Methods: We measured temporal trends in age-standardized mortality rates (ASMR) for SLE and non-SLE causes by joinpoint trend analysis using county-level data abstracted from the Centers for Disease Control and Prevention database. We calculated the annual % change in mortality over the past 46 years. Logistic regression was applied to model the association of sex, race and geographic region on SLE deaths. We calculated SLE case-fatality by dividing the SLE-mortality by the estimated SLE prevalence within each demographic variable. Since no national SLE prevalence is available, we estimated these values with weighted visit data from the National Ambulatory Medical Care Survey and the National Hospital Ambulatory Medical Care Survey.
Results: SLE was listed as the primary cause of death in 50,249 individuals from 1968-2013 in the US. The crude mortality rate for SLE peaked during the 1970s-80s and declined during 2000s. Black race was associated with the highest SLE crude mortality rate in each period. While ASMR for non-SLE causes continuously declined throughout the 46 years, the SLE ASMR showed periods of sustained increase from mid-1970s-1990s followed by a decline in 2000s. The higher SLE mortality in the general population was associated with female sex, Black race, and residence in the West or South. The national estimates for SLE prevalence per 100,000 were 221.17 in females, 20.08 (males), 170.5 (Blacks), 107.44 (Whites) and 133.5 (Hispanics), and ranged from and 106.36 (Midwest) to 138.35 (Northeast). Using these national prevalence estimates, we calculated case-fatality. Analysis of the trend in SLE case-fatality showed an overall decline in rates from 1999-2013. The average annual % change in SLE case-fatality ranged from -2.5% per year to -3.1% per year in various subpopulations during 1999-2013. Analyses of case-fatality in different subpopulations revealed that in the SLE subpopulation, males had a higher mortality (odds ratio 1.94, p<0.001), and even after adjusting for the prevalence variability, the SLE mortality remained higher in Blacks (odds ratio 5.24, p<0.001), and in people living in the South (odds ratio 1.55, p<0.001) and the West (odds ratio 1.44, p<0.001) than in the Northeast. Age of death histograms showed that Blacks died from SLE at a younger age than Whites with 50% of total deaths occurring by age 45 years in Blacks versus age 59 years in Whites. Likewise, Hispanics died younger with half of the SLE deaths occurring by age 44 years versus non-Hispanics by age 54 years.

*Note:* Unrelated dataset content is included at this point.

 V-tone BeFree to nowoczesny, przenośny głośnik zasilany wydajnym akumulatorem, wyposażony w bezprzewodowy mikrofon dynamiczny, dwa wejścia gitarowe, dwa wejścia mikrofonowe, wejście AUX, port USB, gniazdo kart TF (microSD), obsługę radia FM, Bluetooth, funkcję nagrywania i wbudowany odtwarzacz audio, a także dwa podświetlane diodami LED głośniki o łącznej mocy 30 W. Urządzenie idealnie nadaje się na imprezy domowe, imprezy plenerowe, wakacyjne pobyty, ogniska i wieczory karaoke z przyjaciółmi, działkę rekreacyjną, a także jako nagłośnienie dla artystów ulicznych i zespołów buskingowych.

Conclusion: Mortality from non-SLE causes declined throughout the 46 years, however, SLE mortality rates had periods of increases and more recent declines. SLE deaths occur younger in Blacks and Hispanics, and SLE case-fatality is greater in males. Despite encouraging trends in overall SLE mortality, significant gender, racial, ethnic and regional disparities persist. The findings provide impetus to delineate the next steps to improve these disparities.
To cite this abstract in AMA style:Yen E, Shaheen M, Woo JM, Mercer N, Duan L, Li N, Karlamangla A, McCurdy DK, Singh RR. Temporal Trends in SLE Mortality According to Sex, Race, Ethnicity, and Geographic Region in the United States over the Past Five Decades [abstract]. Arthritis Rheumatol. 2016; 68 (suppl 10). https://acrabstracts.org/abstract/temporal-trends-in-sle-mortality-according-to-sex-race-ethnicity-and-geographic-region-in-the-united-states-over-the-past-five-decades/. Accessed September 21, 2019.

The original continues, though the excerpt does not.